Instructions for the task: Beginning with the line that contains "Булатов Матвей, Муниципальное", retype the entries below exactly, ending with the line that contains "釣り竿ホルダー ■色んな竿に対応 横幅、高さ、脚、の3か所のサイズ調整ができるから". Leave out any pictures.

[Dataset — start]

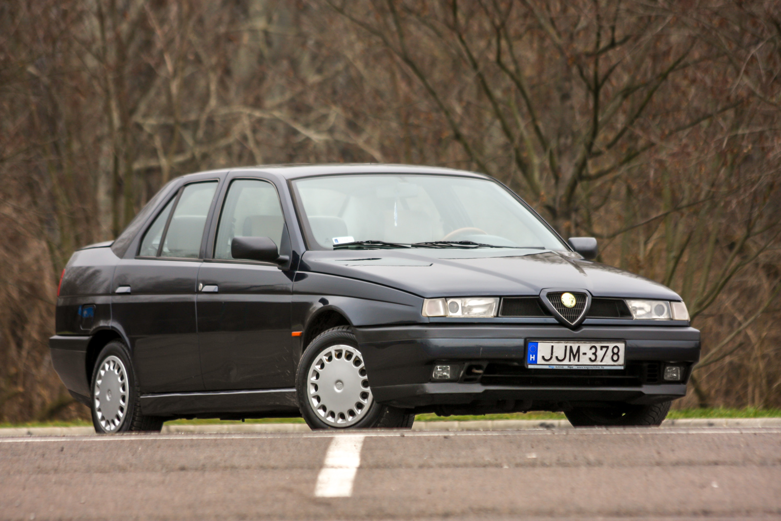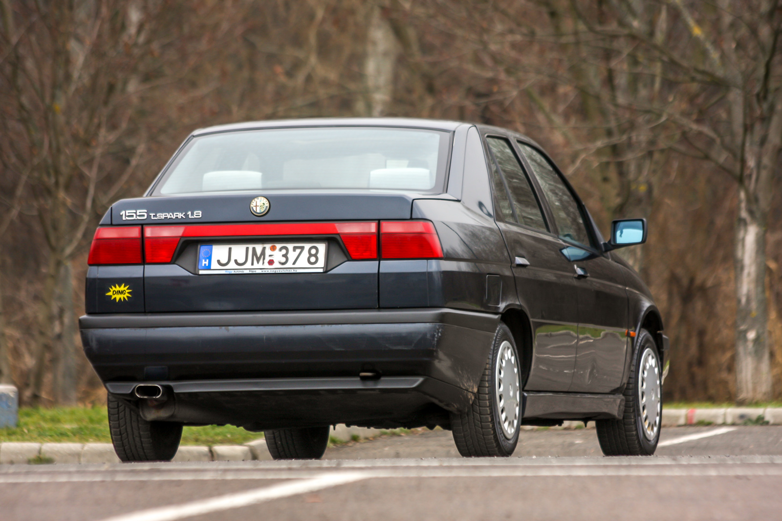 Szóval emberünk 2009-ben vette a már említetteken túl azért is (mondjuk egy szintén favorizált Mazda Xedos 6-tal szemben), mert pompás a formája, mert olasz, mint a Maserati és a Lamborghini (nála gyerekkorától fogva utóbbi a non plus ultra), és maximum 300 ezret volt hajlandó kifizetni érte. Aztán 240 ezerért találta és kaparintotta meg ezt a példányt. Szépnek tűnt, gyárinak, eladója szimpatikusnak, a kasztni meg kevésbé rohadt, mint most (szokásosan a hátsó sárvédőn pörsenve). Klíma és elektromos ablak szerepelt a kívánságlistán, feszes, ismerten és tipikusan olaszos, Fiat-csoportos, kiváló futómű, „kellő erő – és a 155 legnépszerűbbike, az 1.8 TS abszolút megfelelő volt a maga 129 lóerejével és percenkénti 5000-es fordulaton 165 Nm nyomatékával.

[Dataset — finish]
[Dataset — start]

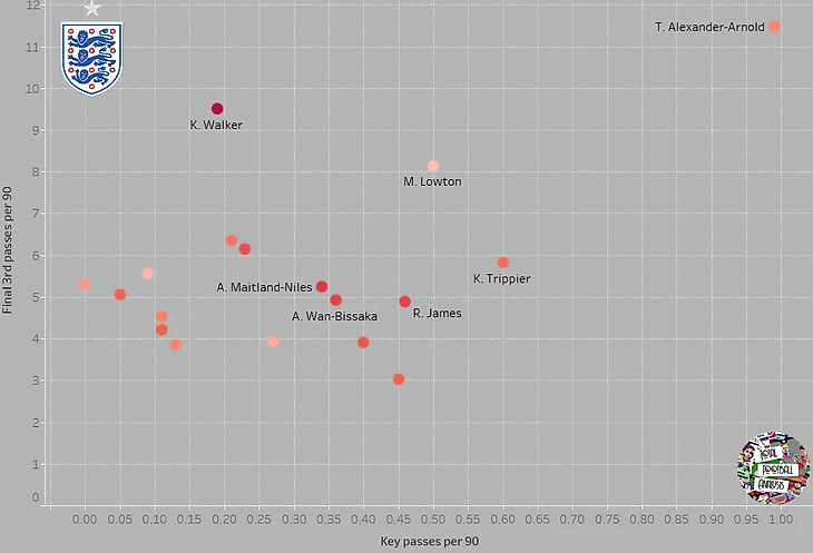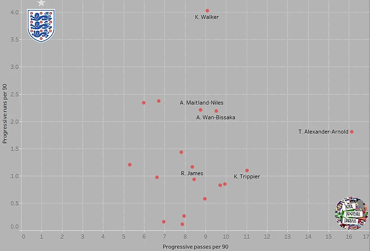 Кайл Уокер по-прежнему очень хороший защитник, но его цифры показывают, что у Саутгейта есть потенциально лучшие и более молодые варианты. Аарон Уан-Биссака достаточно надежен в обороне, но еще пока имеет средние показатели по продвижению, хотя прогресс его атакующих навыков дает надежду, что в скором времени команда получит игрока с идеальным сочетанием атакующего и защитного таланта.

[Dataset — finish]
[Dataset — start]

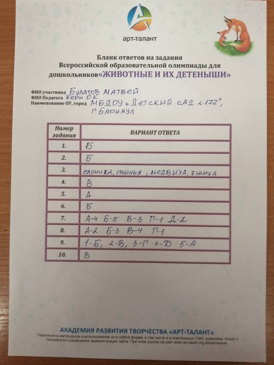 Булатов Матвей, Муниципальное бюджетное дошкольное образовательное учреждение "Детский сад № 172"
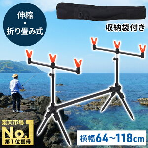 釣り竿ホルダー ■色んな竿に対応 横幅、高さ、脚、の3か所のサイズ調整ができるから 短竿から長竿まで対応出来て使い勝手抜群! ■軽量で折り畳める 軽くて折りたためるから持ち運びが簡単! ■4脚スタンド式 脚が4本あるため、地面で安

[Dataset — finish]

Exercise output:
 Булатов Матвей, Муниципальное бюджетное дошкольное образовательное учреждение "Детский сад № 172"
 釣り竿ホルダー ■色んな竿に対応 横幅、高さ、脚、の3か所のサイズ調整ができるから 短竿から長竿まで対応出来て使い勝手抜群! ■軽量で折り畳める 軽くて折りたためるから持ち運びが簡単! ■4脚スタンド式 脚が4本あるため、地面で安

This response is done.